What is it about parenting that makes us so judgemental? I hate the judgement that we parent’s suffer, I have years of professional experience in being non-judgemental, and I genuinely believe that there isn’t one ‘right’ way to parent and yet…if I am honest, I must confess that I am tempted to judge other parents all the time. ‘Oh,’ I whisper to myself self-righteously, ‘I would never do that…’ Then I cringe in disgust at my own stupidity. Just where does that hateful, self-serving little voice come from? Just what is under all of that judgement? What, exactly, is at stake? Parenting is scary. It can be terrifying, in fact. In becoming a parent, we find that we’ve made ourselves vulnerable, vulnerable to being hurt dreadfully, vulnerable to experiencing true horrors.
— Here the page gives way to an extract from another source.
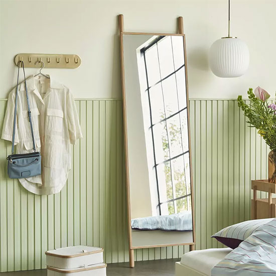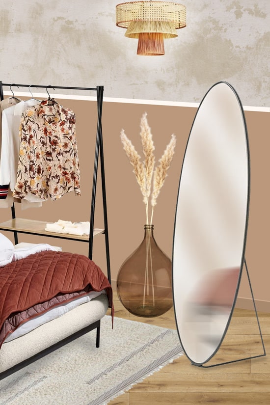 Au côté d’une armoire parisienne ou d’un portant à vêtements, un miroir sur pied sera pratique et élégant.

We could:
- Be forced to watch our children suffer
- Discover that we have failed to prepare our children for the world
- Experience a yawning distance between ourselves and our children
- Find that our children have done things we consider abhorrent
- Live to see our children die
With such nightmares haunting us we turn to talismans to protect us, to reassure us that none of these terrors could ever be in our future. And one of those talismans is the just world delusion – the belief that the world is fundamentally just, that good things will happen to good parents and bad things happen to bad parents. With the just world delusion, we can convince ourselves that as long as we are good enough and do all the ‘right’ things then our children will be safe. But the just world delusion has a dark side. To keep believing that we’ve found safety from our nightmares, we need to judge and blame other parents. Any parents who have come to experience one of our nightmares must, somehow, be culpable. We cling to our ideas of ‘right’ parenting with superstitious fervour; after all, these are the precious talismans that guarantee our family’s safety. If we look under our judgement we find fear, and the terrifying reality that we are trying to protect ourselves from is this: any and all of those nightmares could happen no matter what we do. From this vulnerable, scary space we can realise something else: the same thing is true for every other parent on the planet. We share the same nightmares. And so, instead of covering our fear with judgement, we can use our fear to find compassion. It becomes possible to respond to other parents, who do things we personally would not do, with genuine respect, non-judgement, and kindness.
Apply it to your life: Do you notice a judgemental inner voice sometimes, too? Can you notice the fear beneath the temptation to judge other parents, and within that, can you find compassion?
References: Lerner, M.J. & Miller, D.T. (1978). Just world research and the attribution process: Looking back and ahead. Psychological Bulletin. 85 (5), 1030-1051.